I think Andrew pretty much sums up the problem of choice. We choose our friends, but when it comes to love, the notion of choice is, at best, compromised and subsumed. Those who argue that homosexuality is a choice view us, and view our relationships, as friendships either perverted or at best gone wrong. We have often been called, even sometimes sympathetically, “friends” (Uncle Albert and his “friend” will be coming to dinner), but that was a nice way of avoiding the real subject. It kept the language of same-sex relationships in a closet of its own, a frame that helped everyone cope.
You don’t hear that kind of language from our supporters any more. Only our opponents are clinging to that outmoded notion of choice. They think the whole debate over same-sex relationships is about our choice of friends. They still can’t, or won’t, imagine that the flood of emotions and connections that they recognize as love can occur between two people of the same sex. I’m sure that a lot of them don’t even think it’s demeaning to our relationships to view them as falling within the kind of choices we make about our friends. They want us to have friends. They just refuse to believe that the powerful and mysterious forces they remember and/or experience with love can happen, for some people, with members of their own sex, and are every bit as gratifying and amazing — are, in fact, the same thing they know so well.
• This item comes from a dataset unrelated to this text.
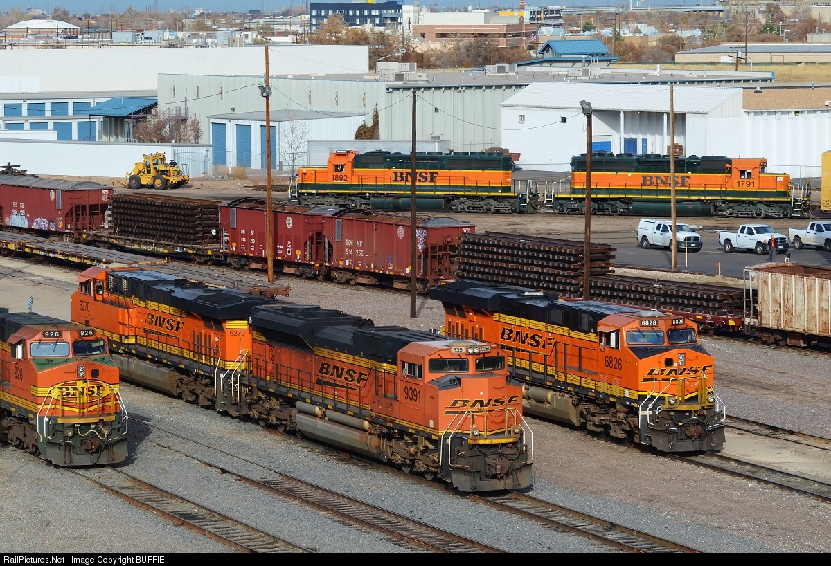 BNSF 9391 (SD70ACe) and BNSF 6270 (ES44AC), flanked by BNSF 6826 (ES44C4) and BNSF 926 (C40-8W), wait for orders to head to the Denver Yard. Meanwhile, BNSF 1982 and 1791 (both SD40-2's) bring yet more freight cars to the yard.

All we have been trying to do for the last half century or so (“All!”) is edge the public’s understanding of our relationships closer to what we actually feel and live. We have friends, sometimes lots of them. We choose them and treasure them. But when it comes to love, we aren’t the ones doing the choosing. Heterosexuals know that about themselves, and as Jonathan Rauch notes below, an emerging majority of them are coming to understand that we are sometimes lucky enough to be swept up in the same wonderful mystery.